Exercise input: Begin

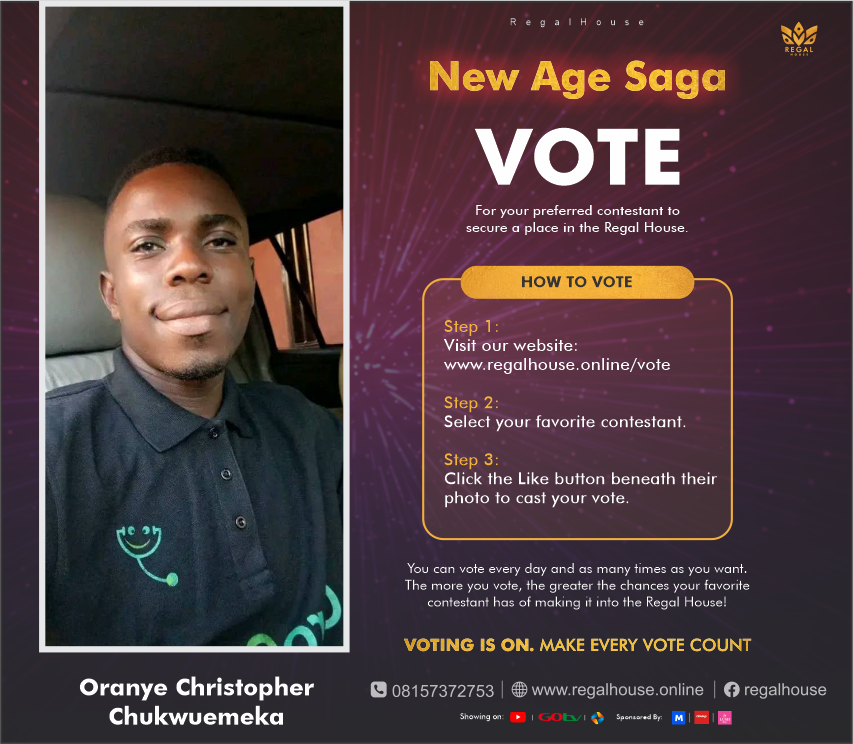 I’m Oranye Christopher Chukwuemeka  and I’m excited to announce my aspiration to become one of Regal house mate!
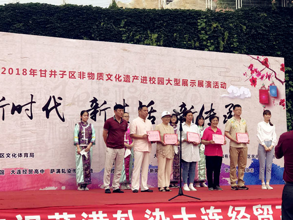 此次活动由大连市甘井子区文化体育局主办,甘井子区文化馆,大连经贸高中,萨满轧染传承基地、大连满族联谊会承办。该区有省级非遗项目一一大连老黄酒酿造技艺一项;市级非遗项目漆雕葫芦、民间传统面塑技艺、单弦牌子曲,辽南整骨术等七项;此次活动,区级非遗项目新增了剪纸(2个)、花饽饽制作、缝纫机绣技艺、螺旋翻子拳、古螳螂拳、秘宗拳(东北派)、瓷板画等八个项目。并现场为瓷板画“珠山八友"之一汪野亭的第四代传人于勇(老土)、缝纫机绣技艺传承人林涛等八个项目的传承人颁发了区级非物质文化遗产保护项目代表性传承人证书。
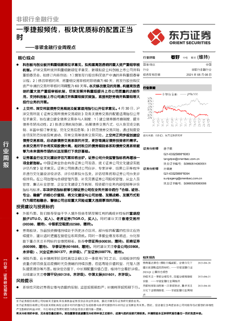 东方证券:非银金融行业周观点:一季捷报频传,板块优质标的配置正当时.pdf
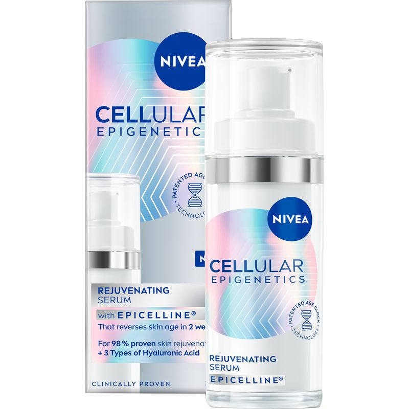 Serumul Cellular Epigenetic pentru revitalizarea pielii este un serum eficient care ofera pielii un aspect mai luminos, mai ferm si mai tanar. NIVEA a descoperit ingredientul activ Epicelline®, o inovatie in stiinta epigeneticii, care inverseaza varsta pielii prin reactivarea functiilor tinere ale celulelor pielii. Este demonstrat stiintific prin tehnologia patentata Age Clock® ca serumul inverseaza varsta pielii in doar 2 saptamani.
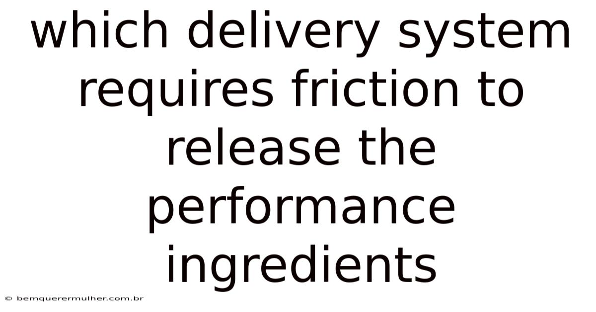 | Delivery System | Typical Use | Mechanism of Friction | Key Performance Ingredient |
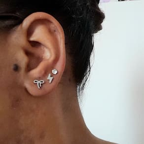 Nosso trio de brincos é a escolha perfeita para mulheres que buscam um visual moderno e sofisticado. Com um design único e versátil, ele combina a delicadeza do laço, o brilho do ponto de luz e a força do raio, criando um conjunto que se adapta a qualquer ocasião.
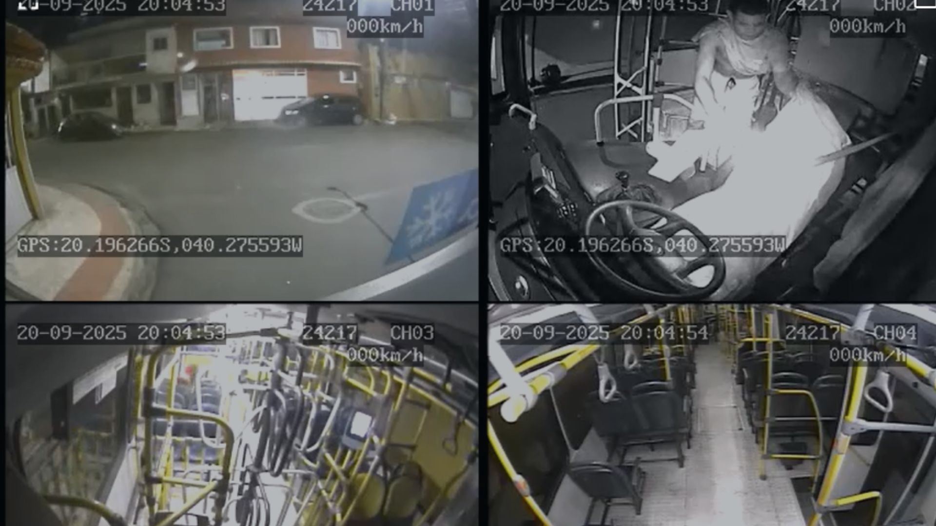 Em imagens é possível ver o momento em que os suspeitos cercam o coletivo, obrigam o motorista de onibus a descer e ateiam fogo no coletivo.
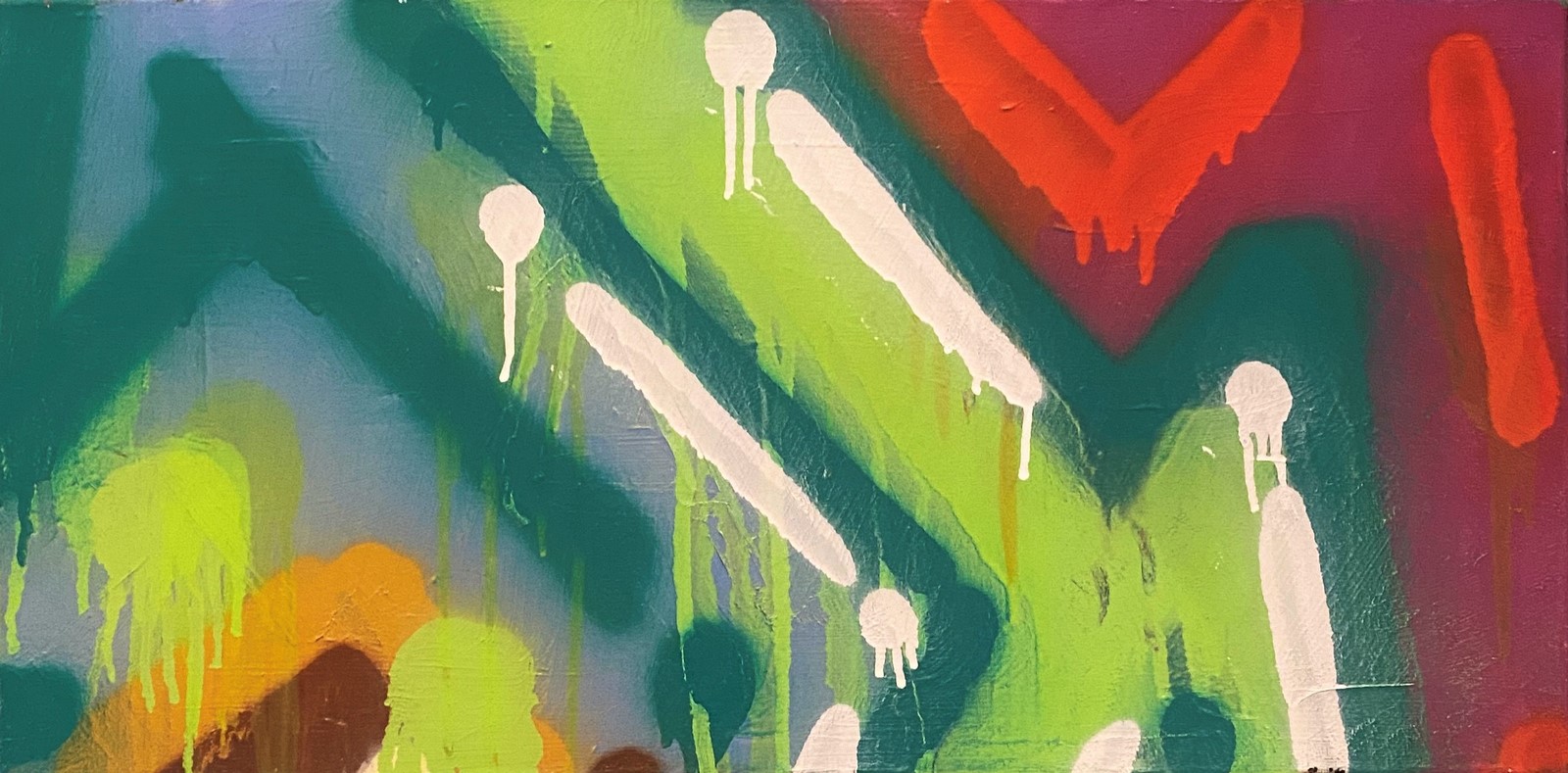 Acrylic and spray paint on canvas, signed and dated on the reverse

Exercise input: End

### Task item
Set down the material exactly as given, but print none of the pictures.

### Result of the exercise
 I’m Oranye Christopher Chukwuemeka  and I’m excited to announce my aspiration to become one of Regal house mate!
 此次活动由大连市甘井子区文化体育局主办,甘井子区文化馆,大连经贸高中,萨满轧染传承基地、大连满族联谊会承办。该区有省级非遗项目一一大连老黄酒酿造技艺一项;市级非遗项目漆雕葫芦、民间传统面塑技艺、单弦牌子曲,辽南整骨术等七项;此次活动,区级非遗项目新增了剪纸(2个)、花饽饽制作、缝纫机绣技艺、螺旋翻子拳、古螳螂拳、秘宗拳(东北派)、瓷板画等八个项目。并现场为瓷板画“珠山八友"之一汪野亭的第四代传人于勇(老土)、缝纫机绣技艺传承人林涛等八个项目的传承人颁发了区级非物质文化遗产保护项目代表性传承人证书。
 东方证券:非银金融行业周观点:一季捷报频传,板块优质标的配置正当时.pdf
 Serumul Cellular Epigenetic pentru revitalizarea pielii este un serum eficient care ofera pielii un aspect mai luminos, mai ferm si mai tanar. NIVEA a descoperit ingredientul activ Epicelline®, o inovatie in stiinta epigeneticii, care inverseaza varsta pielii prin reactivarea functiilor tinere ale celulelor pielii. Este demonstrat stiintific prin tehnologia patentata Age Clock® ca serumul inverseaza varsta pielii in doar 2 saptamani.
 | Delivery System | Typical Use | Mechanism of Friction | Key Performance Ingredient |
 Nosso trio de brincos é a escolha perfeita para mulheres que buscam um visual moderno e sofisticado. Com um design único e versátil, ele combina a delicadeza do laço, o brilho do ponto de luz e a força do raio, criando um conjunto que se adapta a qualquer ocasião.
 Em imagens é possível ver o momento em que os suspeitos cercam o coletivo, obrigam o motorista de onibus a descer e ateiam fogo no coletivo.
 Acrylic and spray paint on canvas, signed and dated on the reverse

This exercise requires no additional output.